Basically I'd go with what willy said on the first page. Flash certainly doesn't have the power to just break through the barriers, given that they were able to survive the Black Abyss going boom.

This one might boil down to a stalemate.


----------



## Saitomaru (Jun 20, 2013)

ikoke said:


> Dispel bound bans various types of attacks and effects,including reality warping,divine attacks,punches,assimilation,magic,poison gases etc. So as long as the barriers exist such attacks won't have any effect on DS.
> 
> To get through these barriers you either need to rewrite them,or break through them with sheer power. However it is unlikely that Flash possesses the knowledge to rewrite these barriers. So he has to break through them with force. It is stated that the wider the gap in cosmic power level,the easier it is to overwhelm Dispel Bound. As Majin DS is high herald level at the very least,you need to be around skyfather level to easily overwhelm them.
> 
> Weaker characters might also get the job done,but it will take a lot of time and since DS can regenerate thses barriers millions of times/sec it's going to be very difficult.



Okay, so if Skyfather level sheer power is required to easily overwhelm them would it be a reasonably safe assumption that someone who is herald level (even shit tier) could break through them _eventually_? 

So ^this in conjunction with this:



Fluttershy said:


> PIS off Flash would beat any herald



(assuming what was said is true) would it not be reasonable to assume that Wally could break through DS's barriers? Now, the problem of these barrier's regen comes into play. You said millions of times per second so... would that be one every 500 nanoseconds (2 million per second)? How fast is Wally again? I remember hearing 'zeptoseconds' tossed around but I think that was for amped Wally.

As I said, not trying to argue for either side. You just happened to be the only side who answered my question. Wally's side hasn't, so I can't respond.


----------



## Tacocat (Jun 20, 2013)

Wally _washes dishes_ in picoseconds. Nanoseconds are nothing to him.

As for the speed steal thing, he shouldn't have any problems with a guy who's 7000c, considering he deals with guys massively faster than that. Plus, there's that scan of Jay, who's still learning the trick from Wally, stealing Superman's speed.

I don't know anything about the other party, so that's all the information I can really give you.


----------



## TehChron (Jun 20, 2013)

Problem is that breaking them requires sufficiently powerful strikes.

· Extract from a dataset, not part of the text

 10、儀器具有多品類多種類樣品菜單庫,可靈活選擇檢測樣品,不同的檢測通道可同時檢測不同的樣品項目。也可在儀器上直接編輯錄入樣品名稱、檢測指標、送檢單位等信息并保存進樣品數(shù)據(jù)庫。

And PIS off Flash doesn't beat Heralds with brute force, IIRC, PIS off Flash beats Heralds through his more h4x applications of the Speed Force.


----------



## Shiba D. Inu (Jun 20, 2013)

IMP punch should still be star/star+


someone also said he can speed steal w/o physical contact


----------



## Huey Freeman (Jun 20, 2013)

Flash is Attosecond actually.


----------



## TehChron (Jun 20, 2013)

Fluttershy said:


> IMP punch should still be star/star+
> 
> 
> someone also said he can speed steal w/o physical contact



Dispel Bound would just negate the speed steal regardless.

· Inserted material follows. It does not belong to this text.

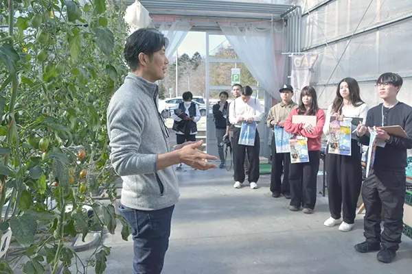 初日は沿岸部でサイクリングを楽しんだほか、四倉町でトマト生産などを手がける「ワンダーファーム」に赴き、元木寛代表取締役から農業の取り巻く環境について講話を受けた。

But as far as IMP goes, how does that attack work? How long does it take for a Flash to use it?

If he can use it at a pace to keep up and surpass the Dispel Bounds regeneration rate, then he can eventually get through them to hit DS.

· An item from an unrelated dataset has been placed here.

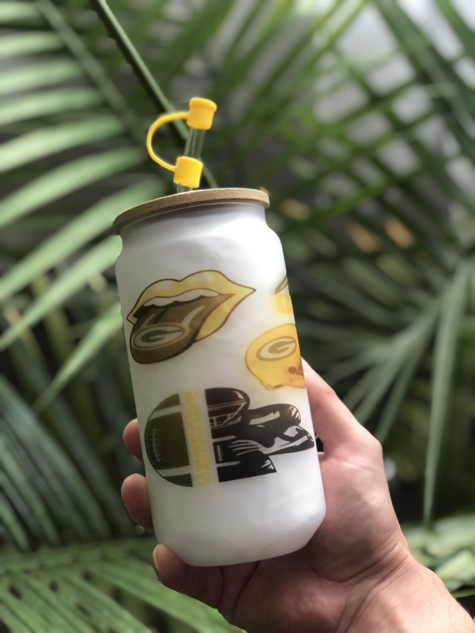Green Bay Packers Frosted Libby Glass With Bamboo Lid And Glass Straw With Topper

But thats assuming that he can do that and also defend against Darsh's attacks at the same time, which I dont know, tbqh.


----------



## Tacocat (Jun 20, 2013)

Danger Doom said:


> Flash is Attosecond actually.



I know, he's been in the attoseconds since he was Kid Flash. I was just illustrating a point of casual nature.


----------



## Punchsplosion (Jun 20, 2013)

Wouldn't attosecond speed pretty much guarantee that Wally gets through the shields?  I mean, he could attack the shields in multiple ways a thousand times and still have some tea while MDS just stands there moving slow as balls.


----------



## Lucaniel (Jun 20, 2013)

it'd guarantee that he'd be able to _attack_ the shields

he doesn't have the raw power to get through them and i'm pretty sure some magical know-how is required to overwrite the dispel bound


----------



## Shiba D. Inu (Jun 20, 2013)

> Dispel Bound would just negate the speed steal regardless.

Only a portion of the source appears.